*Task to complete*: All of the data is to be printed exactly, though the images must be left off.

*Dataset content*:
=== Section Start ===

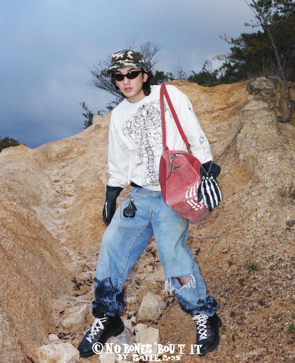 "No bones tee" by sojie 2025 "No bones tee" by sojie 2025 骨に刻まれた感情をそのまま曝け出すと言うコンセプトの”No bones tee”。 見栄ばっかりの世の中で、自分をしっかり持って強く生きていきたいと言うメッセージを込めた。白黒の2色展開。両面特大プリントによって印象的でかつファッション性も兼ね備えた一品に仕上がった。 サイズ展開SーL
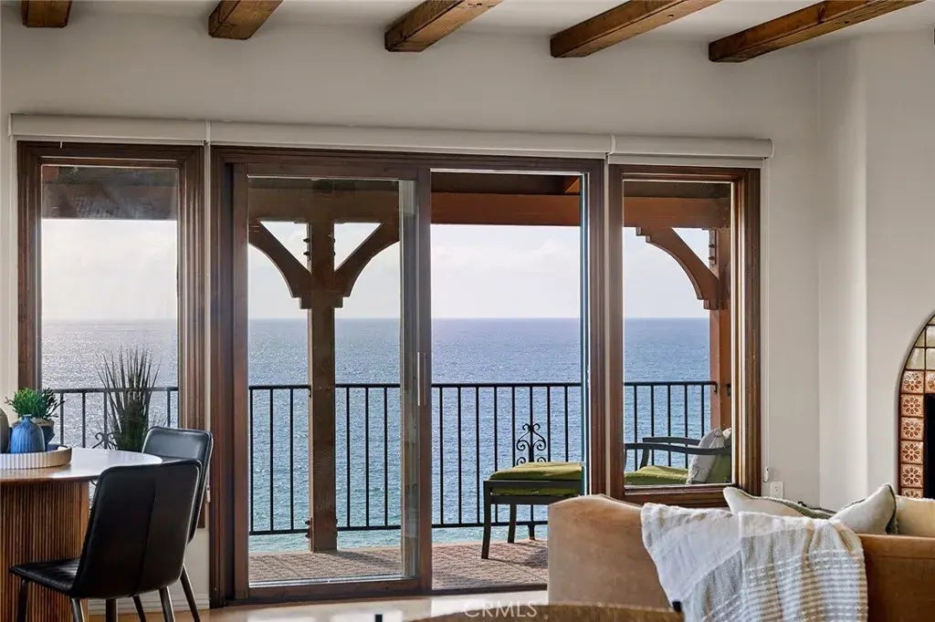 A rare penthouse dwelling within the prestigious oceanfront Casa de Marca, this historic Spanish revival retreat sets the epitome of dreamy coastal living. A very special offering with a public park & the serene CA State Park at State Beach just to the south (both never to be developed), this particular unit offers an incredible living experience unlike any other in the building. A stellar location bar none: top-floor, end-unit spanning street-to-oceanfront with preserved & unobstructed coastline & ocean views from almost every major room within - a truly inimitable characteristic. Sited on a massive oceanfront double lot with sprawling grassy grounds, inside is like a vacation year-round. Whitewater & surfers riding waves just below, Pelicans soaring right by, a crisp emerald horizon, ever-changing sunsets, and preserved coastline rolling toward the world-class surf beyond at Cotton Point, all framed by historic features of the original 1930s estate. This setting evokes a feeling of being somewhere along the Mediterranean coast. Inside, coastal-ocean views immediately steal the show with several divided lite windows & large picture windows out to the emerald ocean. Rustic beamed-ceilings & an arched Spanish-tiled fireplace anchor the main living room. Step out onto the covered lanai overlooking the Pacific to the most beautiful & relaxing setting, very private, elevated high above overlooking the beach below. Featuring rustic wood counter tops with bar seating, stainless appliances, Spanish tile accents & cabinetry, the updated kitchen is wide open to the living room creat
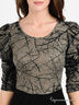 Детали: округлый вырез горловины, укороченный рукав, контрастный отрезной лиф, юбка с драпировкой
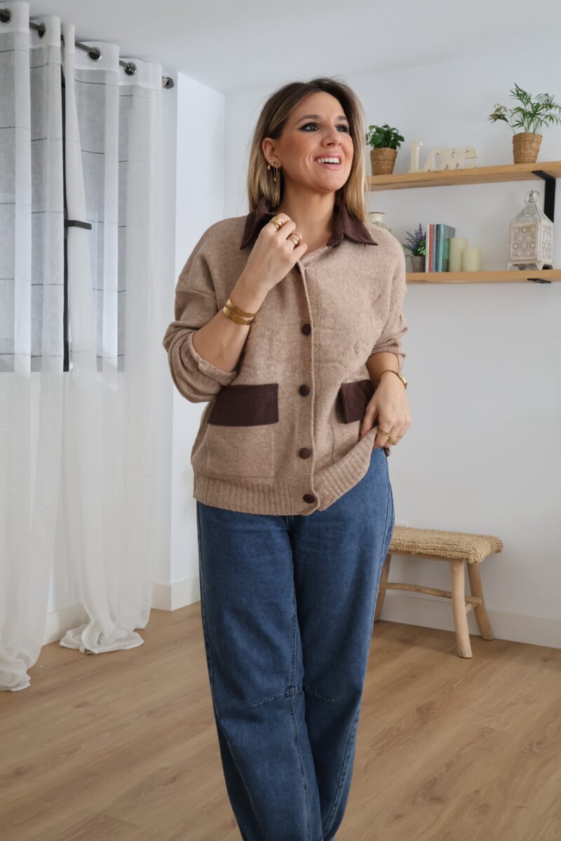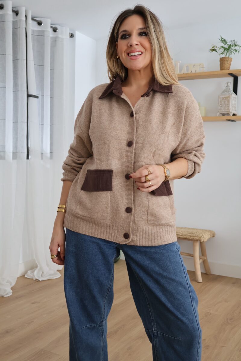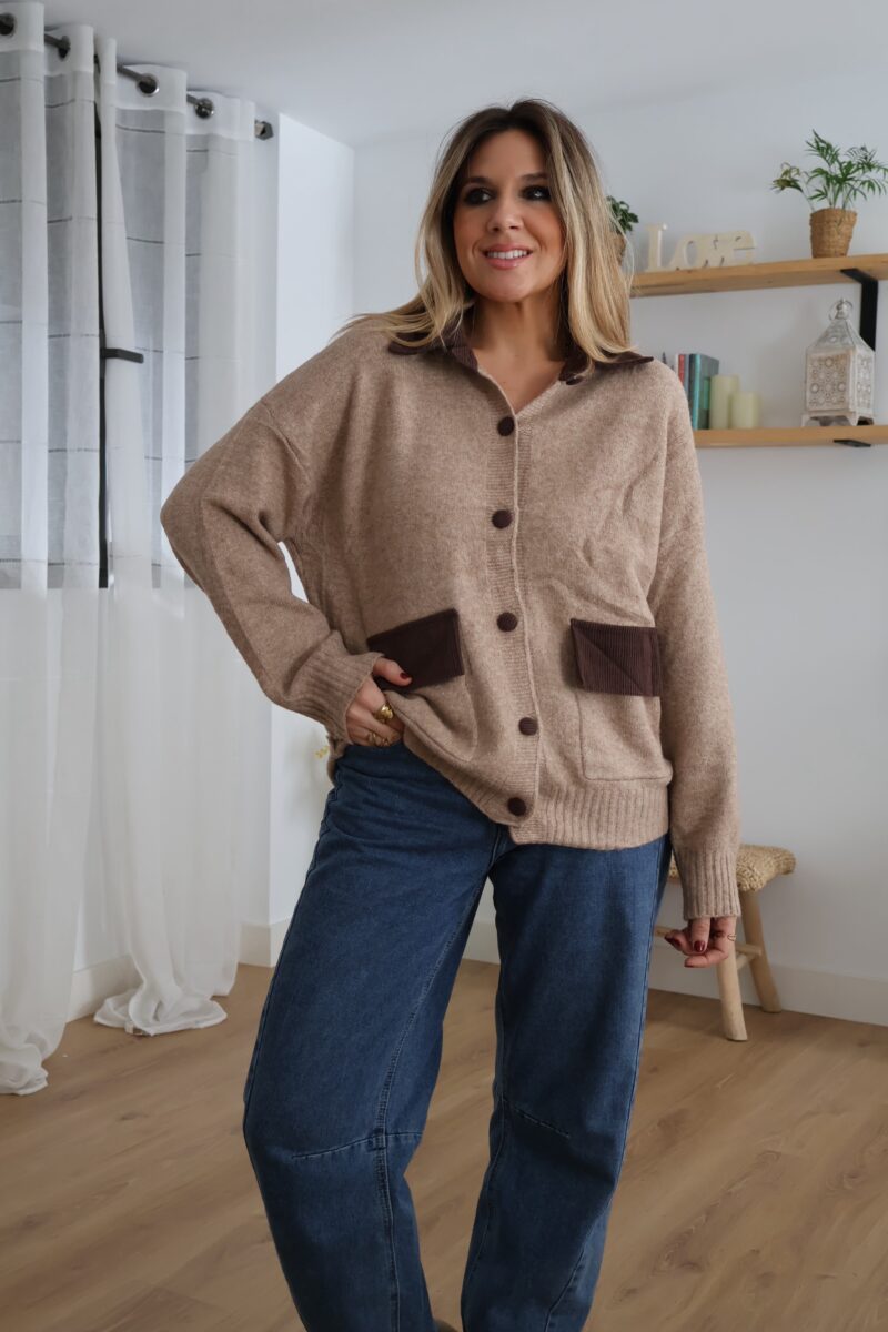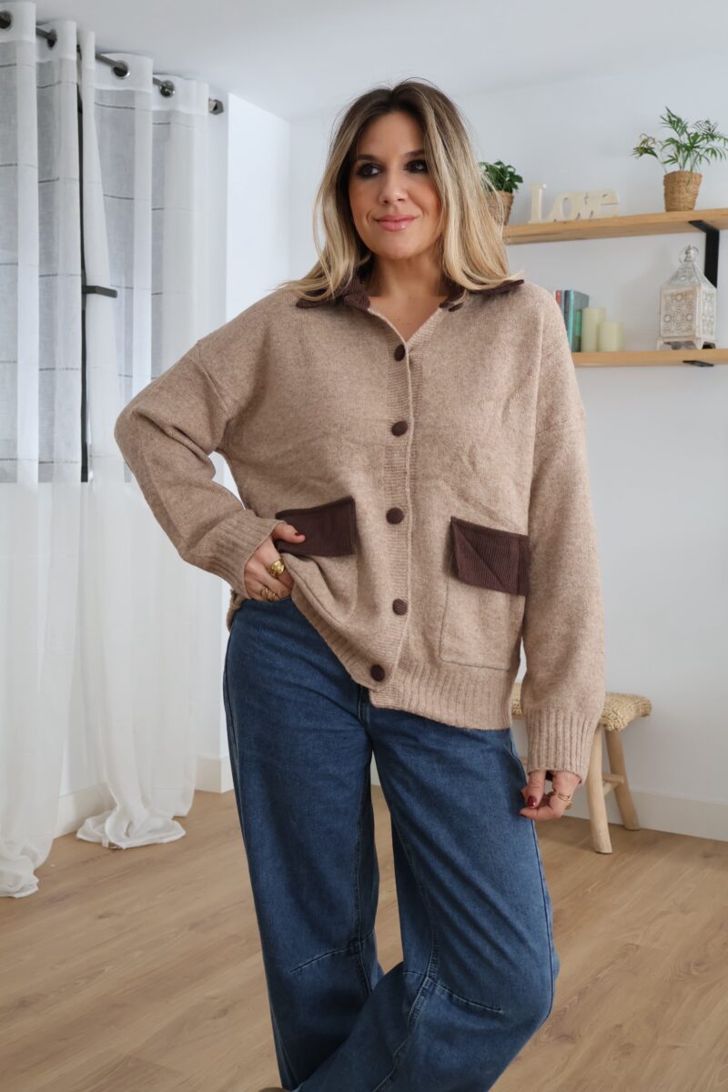 Cárdigan de punto en tono beige con detalles en pana marrón. Diseñado con cuello, botones y bolsillos frontales a contraste. Suave, cómodo y perfecto para un look casual con un toque elegante.

=== Section End ===

*Your response*:
 "No bones tee" by sojie 2025 "No bones tee" by sojie 2025 骨に刻まれた感情をそのまま曝け出すと言うコンセプトの”No bones tee”。 見栄ばっかりの世の中で、自分をしっかり持って強く生きていきたいと言うメッセージを込めた。白黒の2色展開。両面特大プリントによって印象的でかつファッション性も兼ね備えた一品に仕上がった。 サイズ展開SーL
 A rare penthouse dwelling within the prestigious oceanfront Casa de Marca, this historic Spanish revival retreat sets the epitome of dreamy coastal living. A very special offering with a public park & the serene CA State Park at State Beach just to the south (both never to be developed), this particular unit offers an incredible living experience unlike any other in the building. A stellar location bar none: top-floor, end-unit spanning street-to-oceanfront with preserved & unobstructed coastline & ocean views from almost every major room within - a truly inimitable characteristic. Sited on a massive oceanfront double lot with sprawling grassy grounds, inside is like a vacation year-round. Whitewater & surfers riding waves just below, Pelicans soaring right by, a crisp emerald horizon, ever-changing sunsets, and preserved coastline rolling toward the world-class surf beyond at Cotton Point, all framed by historic features of the original 1930s estate. This setting evokes a feeling of being somewhere along the Mediterranean coast. Inside, coastal-ocean views immediately steal the show with several divided lite windows & large picture windows out to the emerald ocean. Rustic beamed-ceilings & an arched Spanish-tiled fireplace anchor the main living room. Step out onto the covered lanai overlooking the Pacific to the most beautiful & relaxing setting, very private, elevated high above overlooking the beach below. Featuring rustic wood counter tops with bar seating, stainless appliances, Spanish tile accents & cabinetry, the updated kitchen is wide open to the living room creat
 Детали: округлый вырез горловины, укороченный рукав, контрастный отрезной лиф, юбка с драпировкой
 Cárdigan de punto en tono beige con detalles en pana marrón. Diseñado con cuello, botones y bolsillos frontales a contraste. Suave, cómodo y perfecto para un look casual con un toque elegante.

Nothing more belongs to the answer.